What is being asked.
Omitting the pictures, restate all of the entries below exactly.

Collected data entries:
***

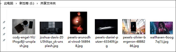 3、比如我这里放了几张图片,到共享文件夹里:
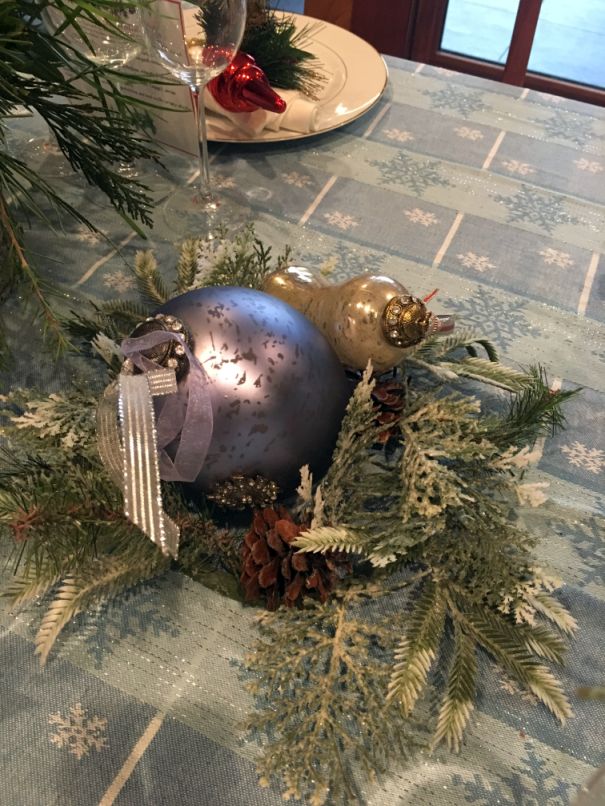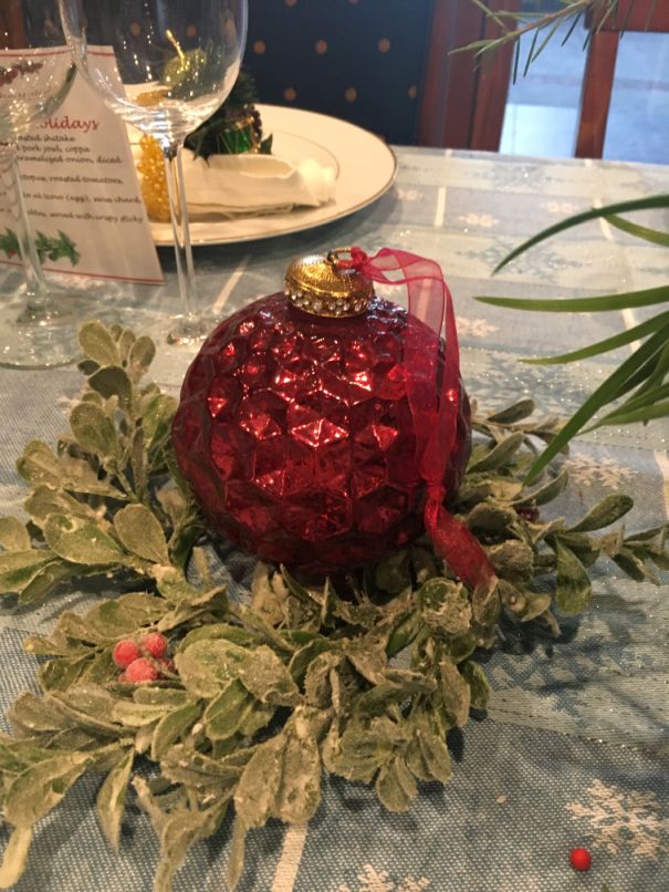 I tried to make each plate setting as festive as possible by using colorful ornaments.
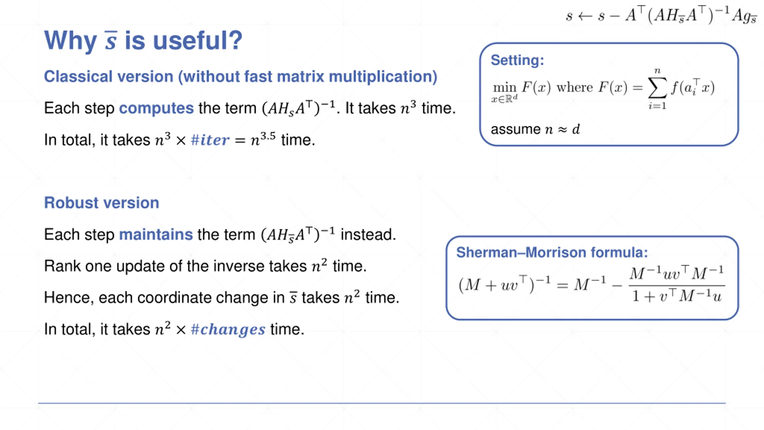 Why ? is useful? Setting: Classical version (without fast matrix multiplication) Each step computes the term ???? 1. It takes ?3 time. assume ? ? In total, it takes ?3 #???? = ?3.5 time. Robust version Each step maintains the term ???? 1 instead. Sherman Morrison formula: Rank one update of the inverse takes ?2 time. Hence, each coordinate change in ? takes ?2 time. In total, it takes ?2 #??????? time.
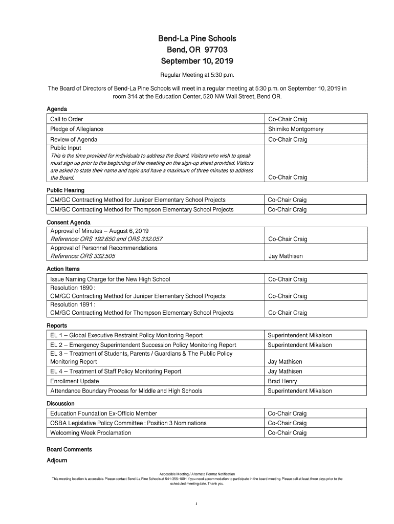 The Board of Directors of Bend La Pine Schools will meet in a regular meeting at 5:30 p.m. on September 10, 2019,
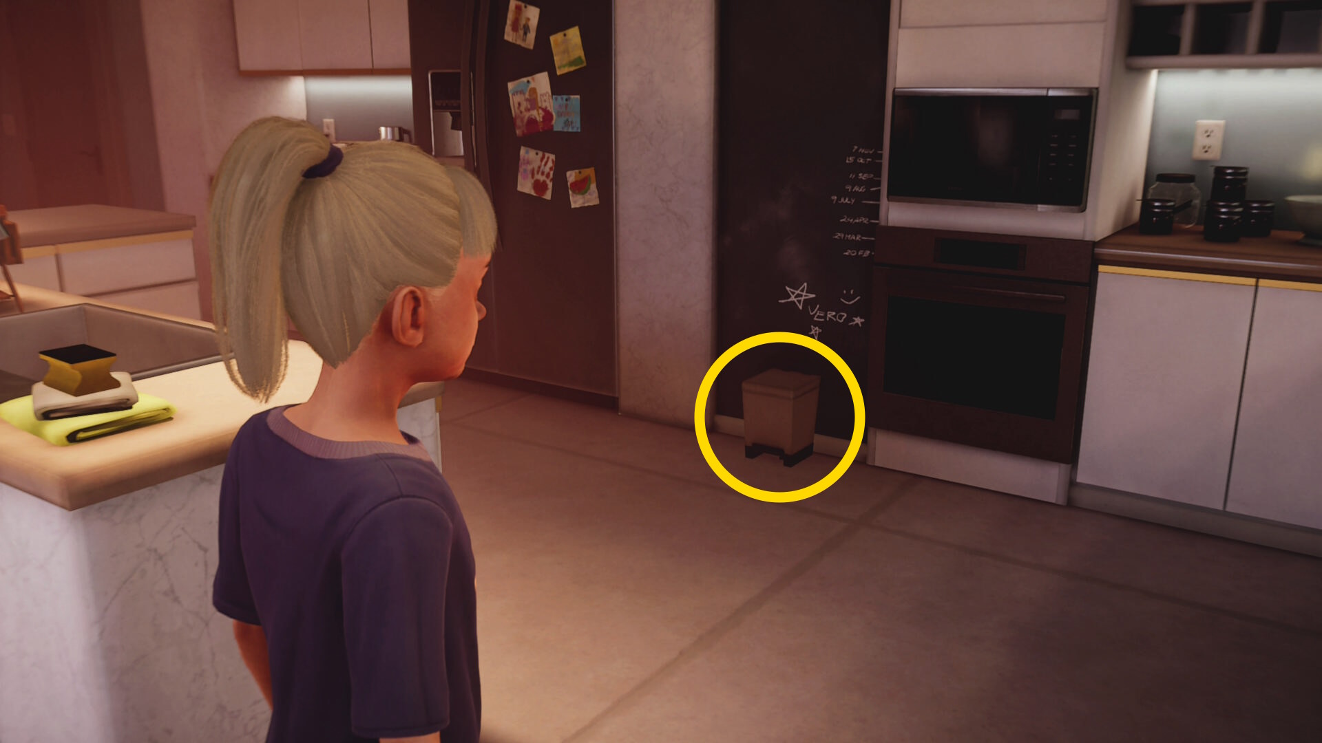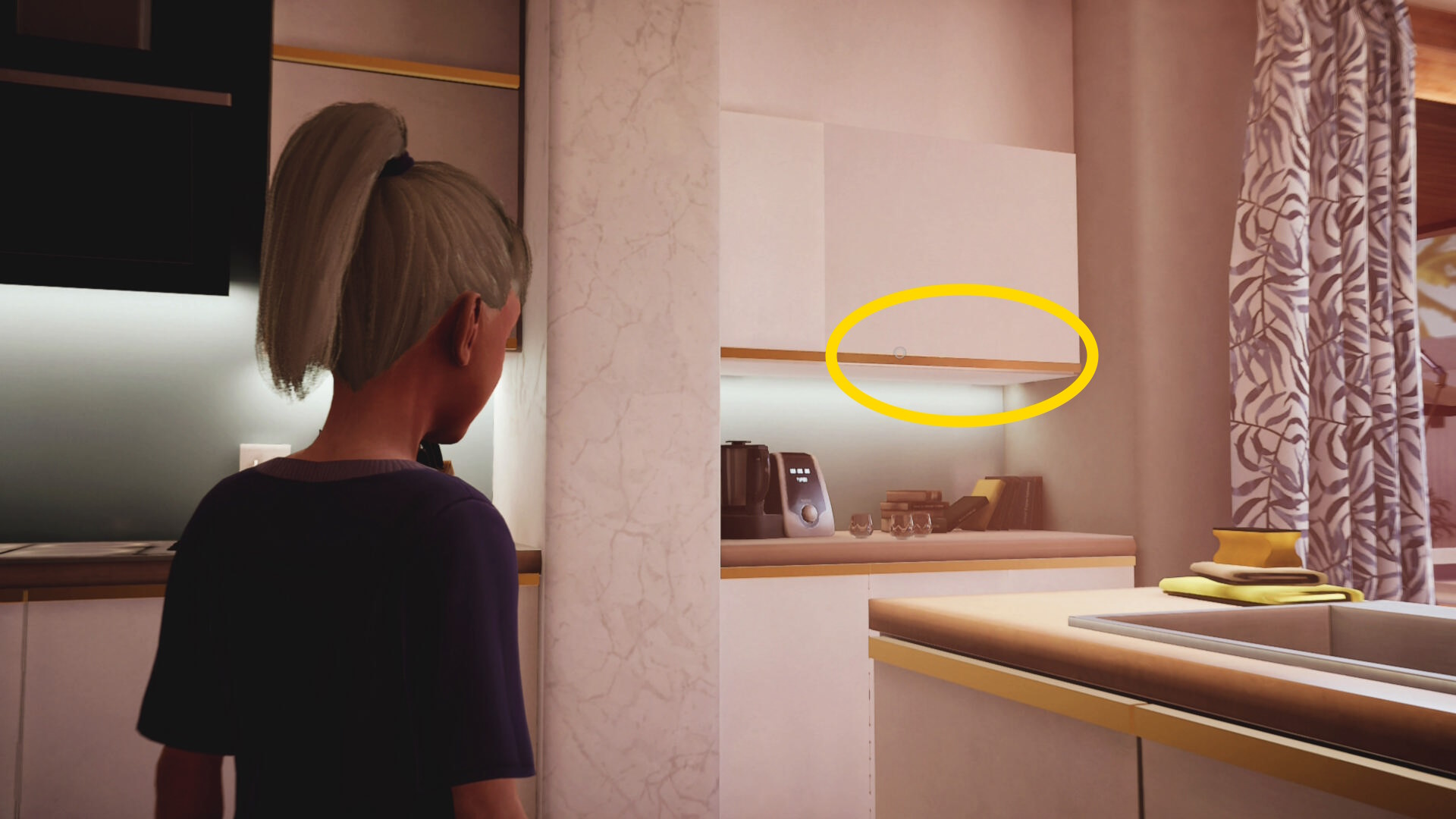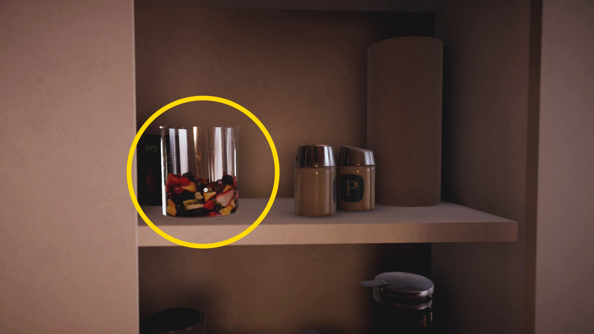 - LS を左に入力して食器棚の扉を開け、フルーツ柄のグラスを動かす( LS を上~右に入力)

***

Solved exercise.
 3、比如我这里放了几张图片,到共享文件夹里:
 I tried to make each plate setting as festive as possible by using colorful ornaments.
 Why ? is useful? Setting: Classical version (without fast matrix multiplication) Each step computes the term ???? 1. It takes ?3 time. assume ? ? In total, it takes ?3 #???? = ?3.5 time. Robust version Each step maintains the term ???? 1 instead. Sherman Morrison formula: Rank one update of the inverse takes ?2 time. Hence, each coordinate change in ? takes ?2 time. In total, it takes ?2 #??????? time.
 The Board of Directors of Bend La Pine Schools will meet in a regular meeting at 5:30 p.m. on September 10, 2019,
 - LS を左に入力して食器棚の扉を開け、フルーツ柄のグラスを動かす( LS を上~右に入力)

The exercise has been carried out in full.